(EXTRACTED INFORMATION begins)

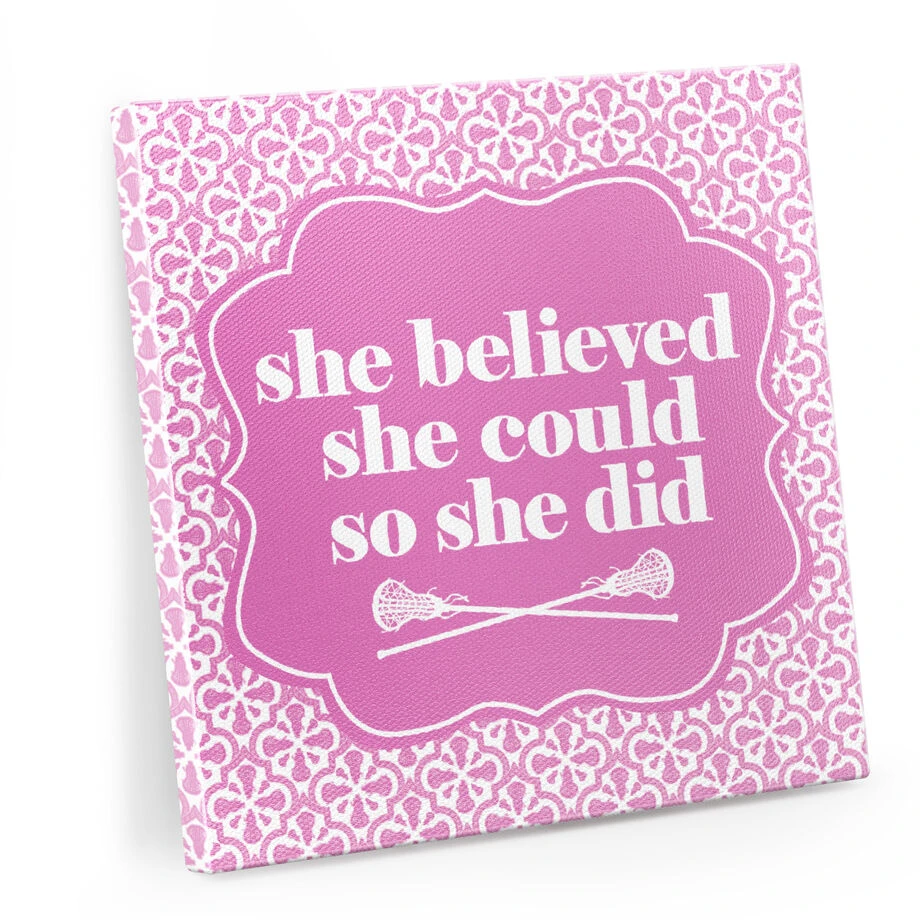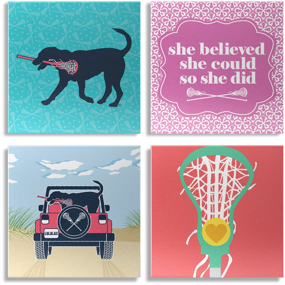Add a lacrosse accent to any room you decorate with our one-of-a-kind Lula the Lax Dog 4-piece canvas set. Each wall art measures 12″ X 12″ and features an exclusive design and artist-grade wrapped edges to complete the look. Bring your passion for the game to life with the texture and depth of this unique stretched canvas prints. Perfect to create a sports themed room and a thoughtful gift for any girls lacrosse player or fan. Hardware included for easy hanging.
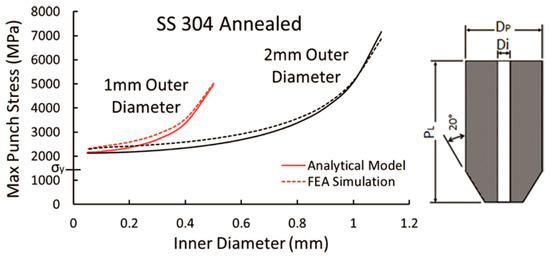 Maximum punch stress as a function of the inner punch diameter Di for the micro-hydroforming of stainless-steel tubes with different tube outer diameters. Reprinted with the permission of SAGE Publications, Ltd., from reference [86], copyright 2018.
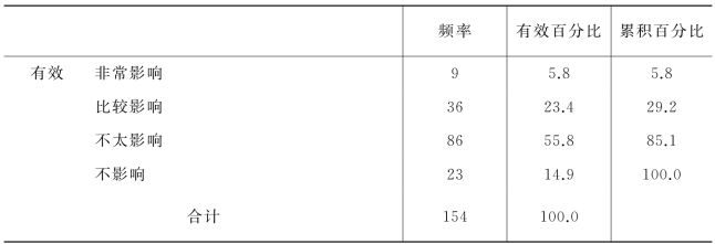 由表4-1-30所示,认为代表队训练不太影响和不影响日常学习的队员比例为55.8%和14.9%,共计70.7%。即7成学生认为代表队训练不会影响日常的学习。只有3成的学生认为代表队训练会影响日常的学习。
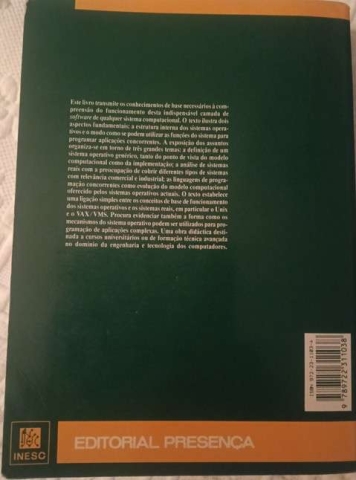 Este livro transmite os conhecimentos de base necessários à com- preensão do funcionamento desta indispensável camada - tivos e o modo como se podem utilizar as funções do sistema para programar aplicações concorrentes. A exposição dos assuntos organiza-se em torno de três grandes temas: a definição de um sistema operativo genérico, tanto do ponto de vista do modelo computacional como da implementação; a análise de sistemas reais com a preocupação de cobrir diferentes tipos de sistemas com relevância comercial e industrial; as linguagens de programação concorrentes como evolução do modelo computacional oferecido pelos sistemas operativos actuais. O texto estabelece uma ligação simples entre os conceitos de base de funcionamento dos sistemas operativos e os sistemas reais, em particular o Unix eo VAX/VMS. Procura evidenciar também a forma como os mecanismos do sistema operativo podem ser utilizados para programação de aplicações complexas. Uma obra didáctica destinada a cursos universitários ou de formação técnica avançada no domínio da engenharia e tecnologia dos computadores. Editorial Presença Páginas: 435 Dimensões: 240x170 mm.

(EXTRACTED INFORMATION ends)
(EXTRACTED INFORMATION begins)

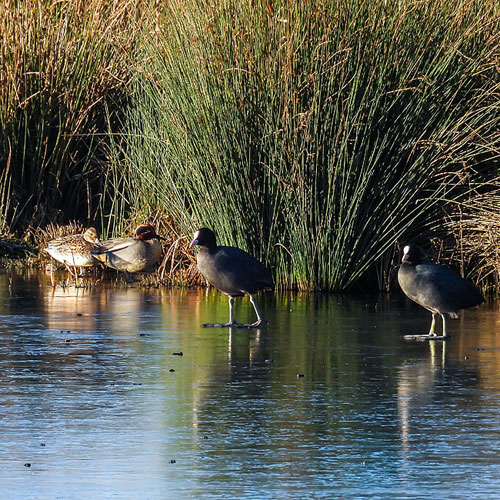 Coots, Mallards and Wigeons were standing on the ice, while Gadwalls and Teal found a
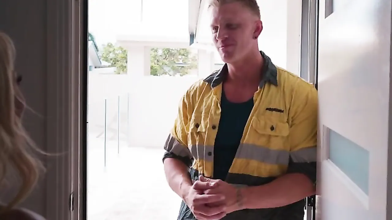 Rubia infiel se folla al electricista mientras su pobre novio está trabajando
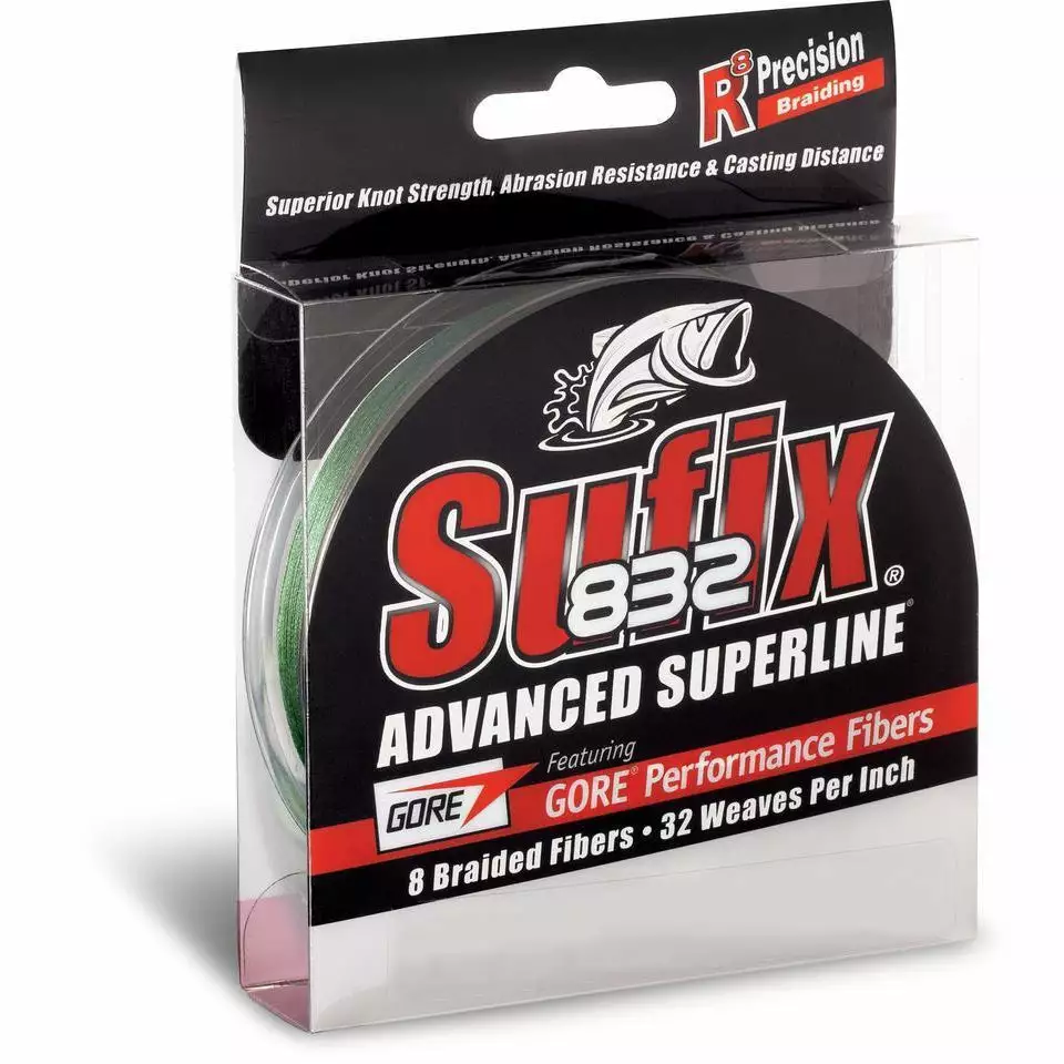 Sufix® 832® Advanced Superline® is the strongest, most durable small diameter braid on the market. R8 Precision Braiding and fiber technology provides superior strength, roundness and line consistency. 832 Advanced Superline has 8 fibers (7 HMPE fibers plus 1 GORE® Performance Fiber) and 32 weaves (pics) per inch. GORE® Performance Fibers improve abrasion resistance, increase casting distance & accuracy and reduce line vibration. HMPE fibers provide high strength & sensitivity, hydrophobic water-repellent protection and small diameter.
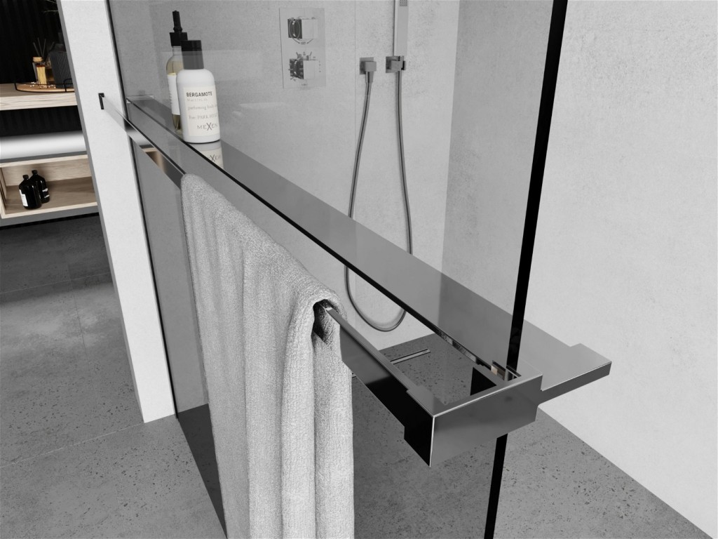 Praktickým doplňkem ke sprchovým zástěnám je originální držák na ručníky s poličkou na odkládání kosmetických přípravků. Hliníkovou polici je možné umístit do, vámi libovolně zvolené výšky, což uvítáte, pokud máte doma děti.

(EXTRACTED INFORMATION ends)

§ **WHAT TO WORK ON**
Beginning with the line that contains "Maximum punch stress" and ending with the line that contains "由表4-1-30所示,认为代", reproduce the listing exactly, pictures excluded.

§ **RESULT**
 Maximum punch stress as a function of the inner punch diameter Di for the micro-hydroforming of stainless-steel tubes with different tube outer diameters. Reprinted with the permission of SAGE Publications, Ltd., from reference [86], copyright 2018.
 由表4-1-30所示,认为代表队训练不太影响和不影响日常学习的队员比例为55.8%和14.9%,共计70.7%。即7成学生认为代表队训练不会影响日常的学习。只有3成的学生认为代表队训练会影响日常的学习。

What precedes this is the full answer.